What Is Bankruptcy Court?
U.S. bankruptcy court refers to specialized federal courtrooms in the United States. The federal government created bankruptcy courts to settle all types of personal and corporate bankruptcy cases.
Unlike the federal court, which the U.S. Constitution established in 1781, the bankruptcy court system did not exist until 1978, when Congress established it as part of the Bankruptcy Reform Act. The U.S. Bankruptcy Code has been amended numerous times since then.
- Bankruptcy courts are part of the federal court system.
- There are 94 Federal bankruptcy courts in the United States, and bankruptcy court judges serve 14-year terms on the court bench.
- It is possible to end up in bankruptcy court if you can't afford to pay your debts, though you may not always need to liquidate all of your assets.
- Company owners sometimes file bankruptcy to reorganize their debts and financial obligations without losing their business.

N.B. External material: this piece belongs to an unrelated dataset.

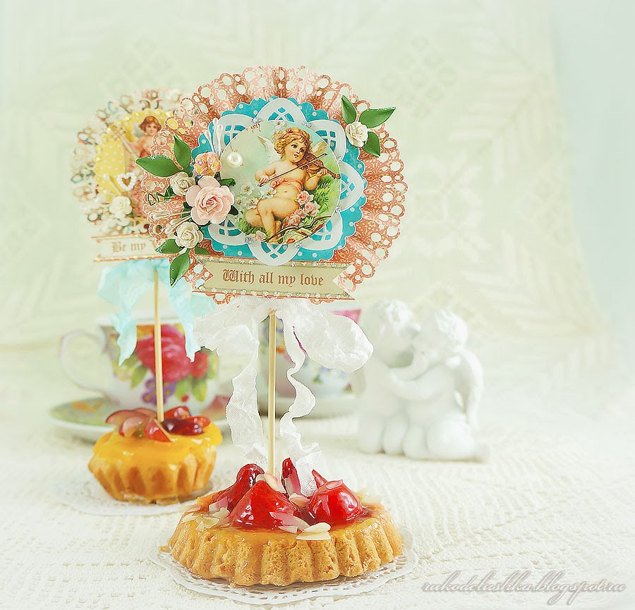 Нужно сделать топперы для капкейков. А так как это задание приурочено к празднику всех влюбленных - Дню Святого Валентина, то топперы должны быть очень романтические. Сначала у меня была идея сделать их в виде сердечек, но потом я передумала. А когда я увидела замечательную бумагу Sweet Sentiments от Graphic45, то сразу же решила, что буду делать только из нее. Такие нежные оттенки и такие чудесные ангелочки!

- You may dispute the findings of the bankruptcy court.
How Bankruptcy Court Works
While most criminal, civil, and family cases are heard in state courts, bankruptcy must be filed in a federal court. The laws that govern bankruptcy are part of federal law, not state law, so in order to start bankruptcy proceedings, an individual must work within the federal court system.

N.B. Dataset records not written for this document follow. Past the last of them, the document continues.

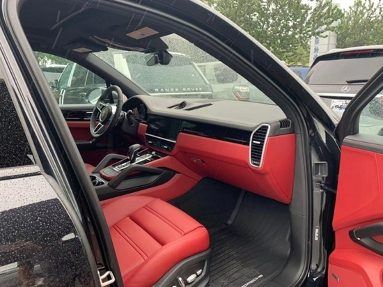 21款加版保时捷卡宴3.0T 黑红 5619# 配置 大豪华包 21寸RS 轮 环影 电吸门 黑色高光车窗装饰前风挡加热,大豪华包PLUS(全景天窗,Bose音响,舒适进入,变道辅助,14向座椅带记忆包,氛围灯,自动防炫目内外后视镜,电子转向PLUS,矩阵式LED大灯带保时捷动态照明系统,四区空调,前座通风,后座加热)生产日期:21年3月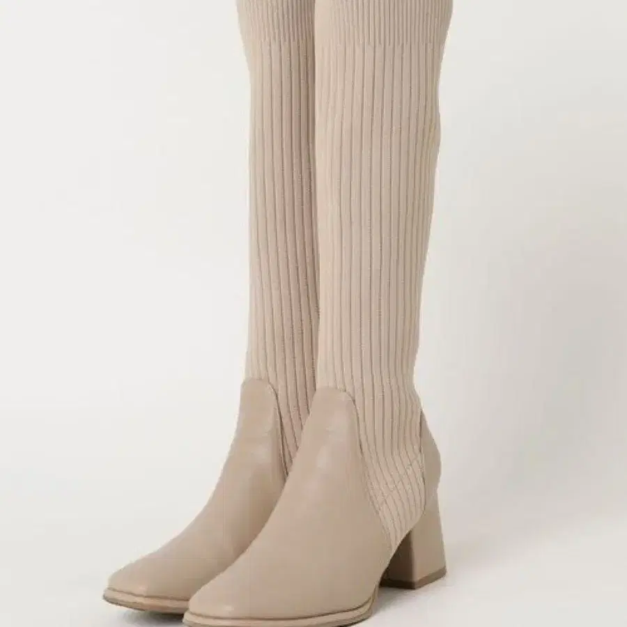합성 피혁과 니트 소재의 베이지 롱 부츠, 약 6.5cm 힐로 스타일리시합니다.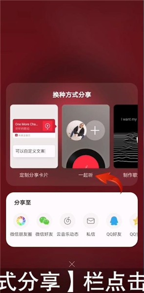 在【换种方式分享】栏点击【一起听】,最后选择分享方式和要一起听歌的好友即可。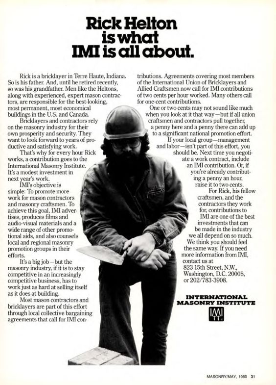 Most mason contractors and bricklayers are part of this effort through local collective bargaining agreements that call for IMI contributions. Agreements covering most members of the International Union of Bricklayers and Allied Craftsmen now call for IMI contributions of two cents per hour worked. Many others call for one-cent contributions.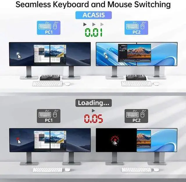 Whether you need to access multiple machines for office work, creative projects, entertainment, or gaming, this KVM consolidates multi-PC control into one desktop setup. Declutter and maximize productivity with the ACASIS KVM switch.

There are 94 federal judicial districts throughout the United States, and each district has a bankruptcy court. Federal law requires that a bankruptcy case be filed and heard in the judicial district that is the site of the primary residence, place of business, or principal assets of the filer. Though the cases take place within individual states, the Federal Rules of Bankruptcy Procedure govern the bankruptcy process, in order to maintain consistency from state to state.
The United States Court of Appeals appoints bankruptcy judges, who serve 14-year terms. Proceedings of a bankruptcy court are public unless a judge rules that they remain under seal, and can be accessed at a bankruptcy clerk's office or through the Public Access to Court Electronic Records, also called PACER.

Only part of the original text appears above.